[Samba] Samba 4 Member server show diferent UID than Ad Server

So you need to configure winbindd the right way to solve this.
In deed if you have another UID it can result in "access refused".
This is an issue I treid to discuss since samba4 started and I think this should be an integrated thing in samba ads to member server
Without having admins to bother about.

Greetings
Daniel

EDV Daniel Müller

Leitung EDV
Tropenklinik Paul-Lechler-Krankenhaus
Paul-Lechler-Str. 24
72076 Tübingen
Tel.: 07071/206-463, Fax: 07071/206-499
eMail: ***@tropenklinik.de
Internet: www.tropenklinik.de

-----Ursprüngliche Nachricht-----
Von: Juan Ignacio [mailto:***@gmail.com]
Gesendet: Montag, 13. Juni 2016 17:32
An: ***@lists.samba.org
Betreff: [Samba] Samba 4 Member server show diferent UID than Ad Server

Hello friends, I come to ask for a hand.

I have an AD server with Samba 4.1 and added a Member Server 4.4 without problems.

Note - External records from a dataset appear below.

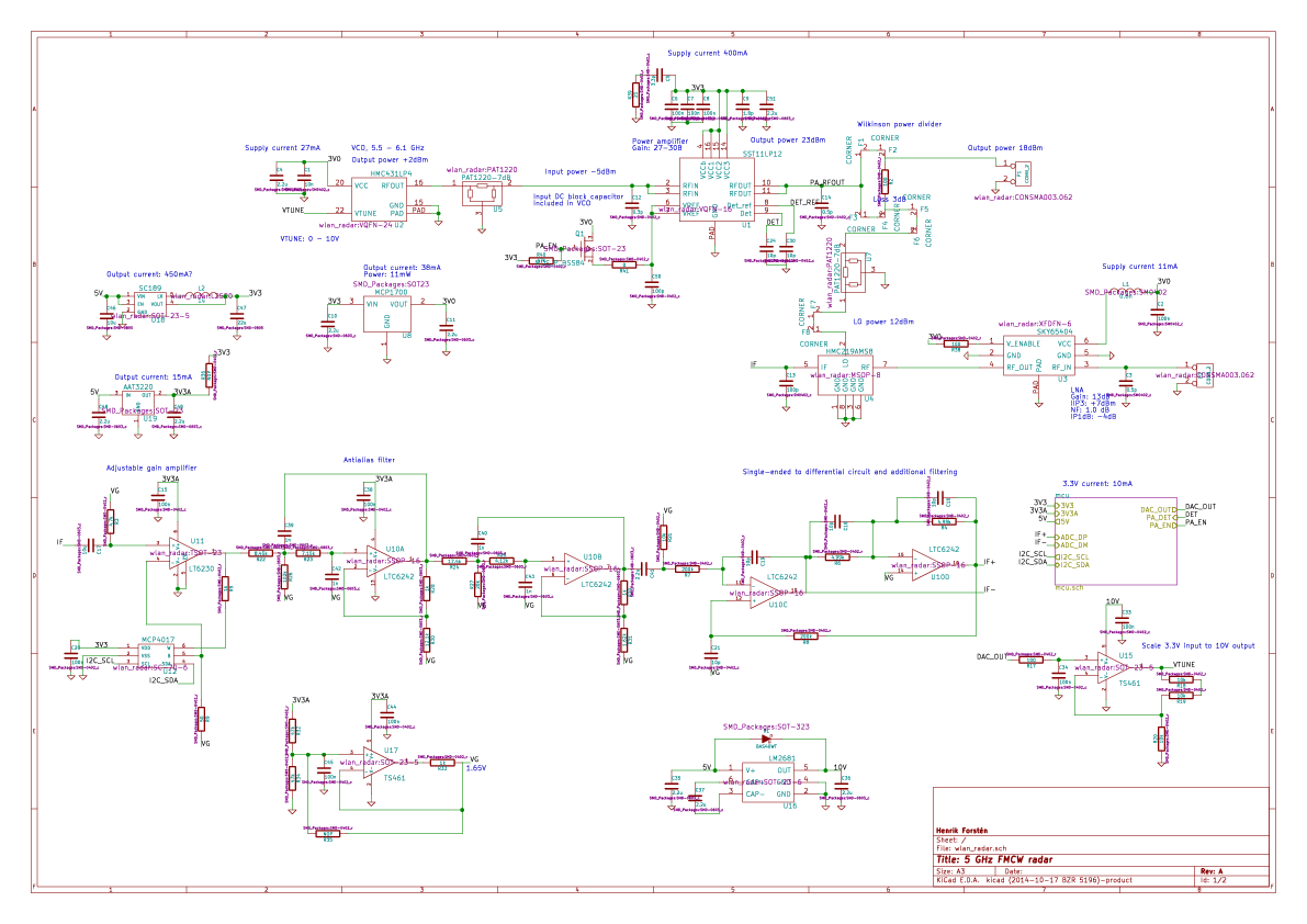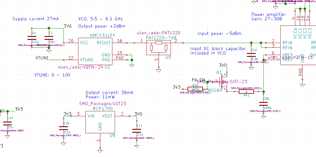 The reason I chose to use 5 – 6 GHz band was because there is a band reserved for radars around 5.8 GHz and this range overlaps with 5 GHz WLAN. Since wifi components are very common, there are many different cheap choices for the power amplifier. PA I chose to use is SST11LP12 which is a cheap WLAN PA costing 1.5€. There would haven been cheaper PAs, but their datasheets were so short on the details that I didn't dare to use them.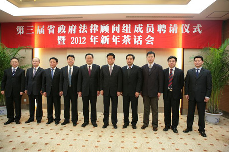 1月15日,陕西省第三届省政府法律顾问组成员聘请仪式暨2012年新年茶话会在西安召开,安博在线客服安博在线客服院长单文华教授被聘请为顾问组7名成员之一。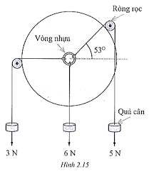 Một học sinh kiểm tra lại quy tắc tổng hợp lực đồng quy bằng cách bố trí thí nghiệm với các quả cân, ròng rọc, dây nối và một vòng nhựa mảnh, nhẹ. Lúc đầu vòng được giữ như hình 2.15.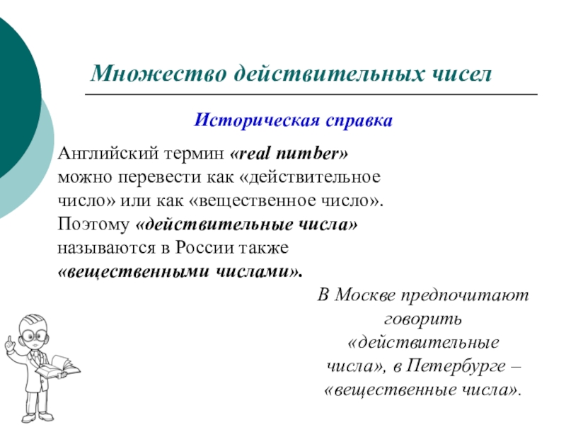 В Москве предпочитают говорить «действительные числа», в Петербурге – «вещественные числа».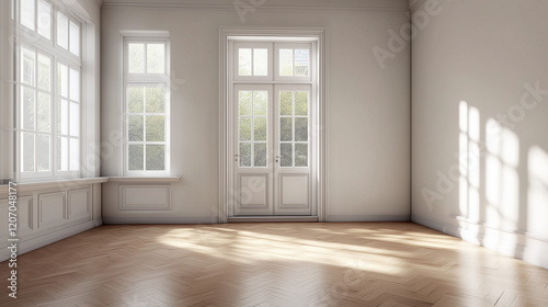 Empty door opened light. Light shining through open door 3D realistic Illustration

The only problem I'm having is that the UID of users in the Member Server are different from the AD server.

Ad Server

KENNEDY\florenciaelmone:*:3000679:100:Florencia Elmone Domingues:/home/KENNEDY/florenciaelmone:/bin/false

Member Server

florenciaelmone:*:100002:100008:Florencia Elmone Domingues:/home/KENNEDY/florenciaelmone:/bin/false

Some way to resolve this?

Thanks.
--
To unsubscribe from this list go to the following URL and read the
instructions: https://lists.samba.org/mailman/options/samba

--
To unsubscribe from this list go to the following URL and read the
instructions: https://lists.samba.org/mailman/options/samba

mathias dufresne

2016-06-14 10:30:02 UTC

Without UID and / or GID configured into AD database (into LDAP tree) Samba
would give UID / GID to users and groups when needed, and as nothing is
written, Samba has to guess. This guessing process is called id mapping.

Samba does not synchronize generated file containing this ID map. No
synchronization and xID random xID fathers to xID inconsistency.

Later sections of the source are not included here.